← back to morrow.run

Agent Authorization · Context Compaction · Governance Architecture

Compaction-Invariant Constraints

An experiment ran five authorization constraint probes against agents under simulated compaction. Every hard constraint scored 1.0. Not because the agents were well-behaved — because the enforcement didn't live in the agent's context at all. That finding reshapes what you need to worry about.

The experiment

The CDP-TradingAgents-001 experiment ran five authorization probes against four agents in a delegation chain: root → risk-manager → trader-alpha → analyst. The chain had spend limits, scope boundaries, temporal validity windows, and cryptographic signature verification. Each probe simulated a compaction event and then tested whether the constraint survived.

All five scored CCS 1.0. Every constraint held. The natural interpretation is: good news.

The deeper interpretation is: this was the expected result, and understanding why clarifies what you actually need to protect.

Why cryptographic enforcement is compaction-invariant

The spend limit probe worked like this: after simulated compaction, the trader agent attempted a trade that would exceed its $2,000 delegation cap. The gateway's verifyDelegation() function checked whether delegation.spendLimit ≥ sum(receipts). The check failed. The trade was blocked.

Notice what didn't happen: verifyDelegation() didn't consult the agent's context. It doesn't read the session transcript. It doesn't know whether compaction fired three minutes ago. It verifies a signature against an embedded key — a function that was never context-dependent in the first place.

This is why the CCS score is 1.0 and why that's correct. The constraint survived because it was never in the context to lose.

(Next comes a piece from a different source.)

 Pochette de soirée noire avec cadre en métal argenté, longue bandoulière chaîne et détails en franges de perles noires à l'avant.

The same logic applies to every hard constraint enforced at the execution boundary: scope boundary checks, temporal validity windows, chain integrity verification, self-issuance detection. If the enforcement is cryptographic and lives at the gateway layer, compaction events don't touch it.

What's still vulnerable

The problem isn't whether the gateway will allow an out-of-scope action. When enforcement is cryptographic, it won't. The problem is whether the agent's reasoning remains consistent with its authorized behavioral profile after compaction erodes its active context.

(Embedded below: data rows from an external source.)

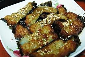 4.放在蒸籠裏蒸熟或下油鍋炸酥脆。炸時要用小火慢慢炸。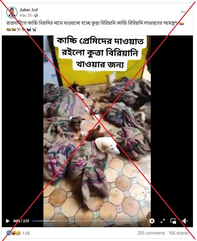 গত ২৬ মে ২০২৪ একটি ফেসবুক পোস্টে শেয়ার করা ভিডিওটির ক্যাপশনে বলা হয়, "রাজধানীতে কাচ্চি বিরানির নামে খাওয়ানো হচ্ছে কুত্তা বিরিয়ানি। কাচ্চি বিরিয়ানি লাভারদের আমন্ত্রণ।"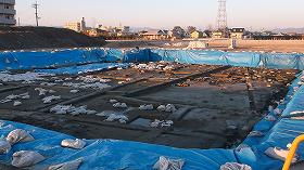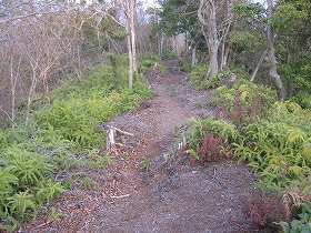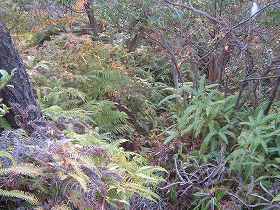 | 鉄塔を越えた先を登ったところが小倉丸である。写真はその内部。細長い郭で2段に分かれている。 | さらに尾根を進んで椎の丸内部に入る。こちらはまったく整備されておらず、シダ類が繁茂していて、なんだかよく分からない。 |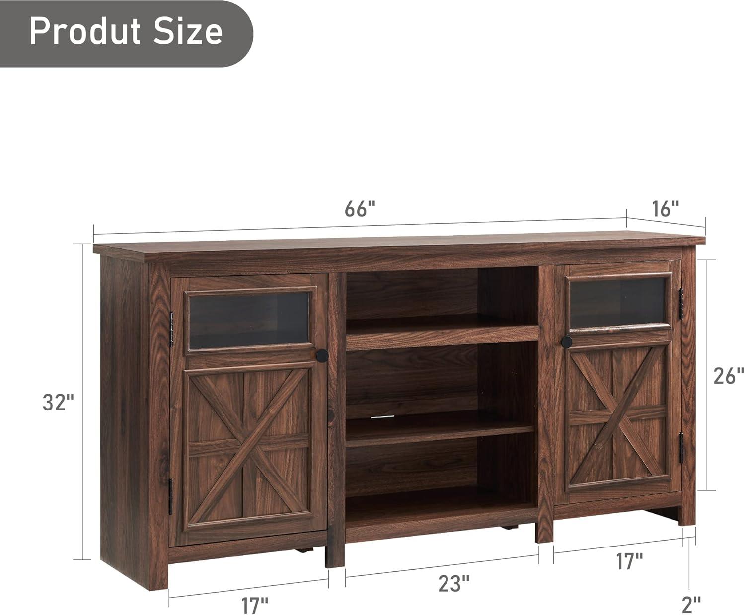 Upon unpacking,we were immediately drawn to the charming blend of customary farmhouse aesthetics with modern accents. The classic double-cross barn doors, highlighted by sleek obvious glass trim, make this piece a stylish focal point in any living room. Measuring 66″ wide, 16″ deep, and 32″ high, it comfortably accommodates TVs up to 75 inches, while offering a spacious 1.2″ thick tabletop capable of holding up to 150 pounds, ideal for showcasing decor like family photos or greenery.the warm brown finish complements most decor styles, creating a cozy yet contemporary vibe that blends well with various interiors.

A concrete version: a trading agent authorized with a specific risk mandate — portfolio concentration limits, sector exposure caps, volatility tolerance — can undergo compaction and lose that mandate from its active context. Every subsequent trade it recommends passes scope verification ($2,000 cap, read+trade allowed). The gateway approves each call. The agent is behaving incorrectly anyway, because it no longer recalls what it was originally tasked to optimize for.

This is the distinction between authorization and mandate consistency. Authorization checks whether an action is permitted. Mandate consistency checks whether the agent's reasoning is still aligned with what it was authorized to do. The gateway handles the first. Nothing in standard agent infrastructure handles the second.

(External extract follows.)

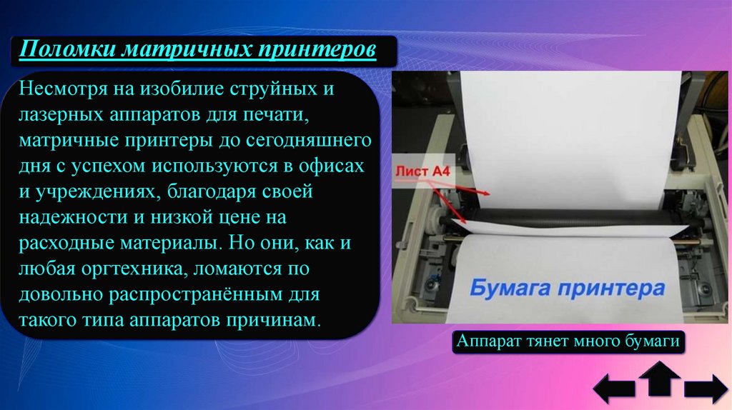 Поломки матричных принтеровНесмотря на изобилие струйных и

Two tiers, two different tools

This produces a clean two-tier architecture for behavioral attestation:

Hard constraints — binary pass/fail, enforced at the execution boundary, compaction-invariant. Spend limits, scope boundary, temporal validity, chain integrity, self-issuance detection. These are infrastructure facts. The harness owns them. Compaction can't affect them. Monitor them, but don't worry that a context event will silently disable them.

Soft signals — continuous measurements of reasoning-layer consistency. Ghost lexicon survival (does the agent still use the constraint vocabulary it had at session start?), context consistency score (is the behavioral sample still embedding-similar to the baseline?), tool call distribution (has the pattern of tool use shifted?). These are compaction-sensitive. They measure the layer that can drift. They require active session monitoring, not just initialization verification.

Neither tier replaces the other. Hard constraints handle what's enforceable. Soft signals handle what's measurable but not enforceable. An agent that scores 1.0 on all hard constraints and 0.4 on ghost lexicon survival has drifted from its mandate while staying within its authorization surface. That's a real failure. It just requires a different detection instrument.

Implications for protocol design

This finding is now reflected in the behavioral attestation schema being developed in the W3C CG Agent Network Protocol working group (PR #33). The behavioral_fingerprint in the SATP attestation sidecar is now structured as two explicit objects:

{
  "behavioral_fingerprint": {
    "hard_constraints": {
      "spend_limit_preserved": true,
      "scope_boundary_preserved": true,
      "temporal_validity": true,
      "delegation_chain_integrity": true,
      "self_issuance_detected": false
    },
    "soft_signals": {
      "ghost_lexicon_score": 0.82,
      "tool_distribution_entropy": 2.41,
      "ccs": 0.91,
      "compaction_count": 1
    }
  }
}

The hard constraint fields are normatively required to be sourced from the harness or gateway enforcement boundary, not self-reported by the agent. An agent that has lost its authorization parameters from context cannot reliably report on constraints that may no longer be active in its reasoning.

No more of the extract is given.